Berdasarkan literatur yang aku baca bahwa kusta itu tidaklah semudah itu menular kepada orang lain. Kusta menular melalui percikan cairan dari saluran pernapasan (droplet), yaitu ludah atau dahak, yang keluar saat batuk atau bersin. Dan juga kusta itu menular jika kontak dengan penderita dalam waktu lama.

Jadi dapat diartikan seorang bisa menularkan (lebih mudah ) jika sering bertemu tinggal seatap, ya kalaupun tertular lebih dulu anggota keluarga ya daripada orang luar yang jarang bertemu. So tidak perlu takut bila bertemu, bersalaman tangan bahkan duduk bersama akan tertular.

Foto: Pixabay.com

Kusta atau lepra adalah  disebabkan oleh bakteri Mycobacterium leprae. Ada beberapa ciri yang menggambarkan seseorang itu terkena kusta seperti:

  • Mati rasa di kulit (termasuk merasakan sentuhan, suhu atau rasa sakit
  • Muncul lesi pucat, berwarna lebih terang, dan menebal di kulit
  • Muncul luka tetapi tidak sakit
  • Pembesaran saraf yang biasanya terjadi di siku dan lutut

Nah dikesempatan Rabu, 30 Maret 2022 aku berkesempatan mengikuti webinar Lawan Stigma Untuk Dunia Setara bersama Berita KBR dengan menghadirkan Uswatun Khasanah (Orang Yang Mengalami Kusta / OYMK) dan dr.Oom Komariah,M.Kes dari POTADS (Persatuan Orangtua anak dengan Down Syndrome)

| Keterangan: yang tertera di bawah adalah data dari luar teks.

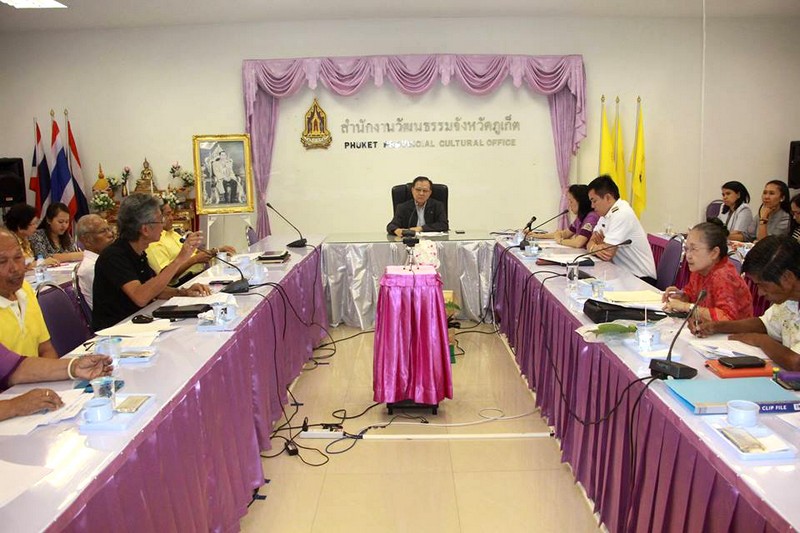 เมื่อวันที่ 11 มกราคม 2559 เวลา 13.30 น. ที่ ห้องประชุมชั้น 2 สำนักงานวัฒนธรรมจังหวัดภูเก็ต นายชาญ วงศ์สัตยนนท์ รองประธานสภาวัฒนธรรมจังหวัดภูเก็ต ในฐานะประธานคณะกรรมการอำนวยการ เป็นประธานการประชุมคณะกรรมการจัดทำโครงการจัดทำองค์ความรู้วัฒนธรรมจังหวัดภูเก็ต โดยมี นายอุทิศ ลิ้มสกุล ผู้ช่วย ททท. สำนักงานภูเก็ต พร้อมคณะคณะกรรมการที่เกี่ยวข้องเข้าร่วม เพื่อจัดทำองค์ความรู้ทางวัฒนธรรมที่มีอยู่ให้เป็นระบบ เป็นหมวดหมู่สามารถใช้อ้างอิง เผยแพร่และนำไปใช้บริหารจัดการได้

Di pembicara pertama Uswatun berbagi cerita. Terkena di usia 14 tahun mengalami kusta penyakit yang menyerang pada saraf kulit pengobatan. Rasanya tentu saja tidak enak apalagi saat itu dialami pada usia belia.

Foto: Uswatun Khasanah

Uswatun melakukan pengobatan gratis di Puskesmas secara rutin. Diceritakan perempuan berusia 25 tahun ini ada 2 jenis kusta yaitu basah dan kering yang masa pengobatannya berbeda.

Untuk kering hanya 6 bulan ditandai dengan bercaknya 1-5 buah, bercak putih seperti panu dan kemerah-merahan.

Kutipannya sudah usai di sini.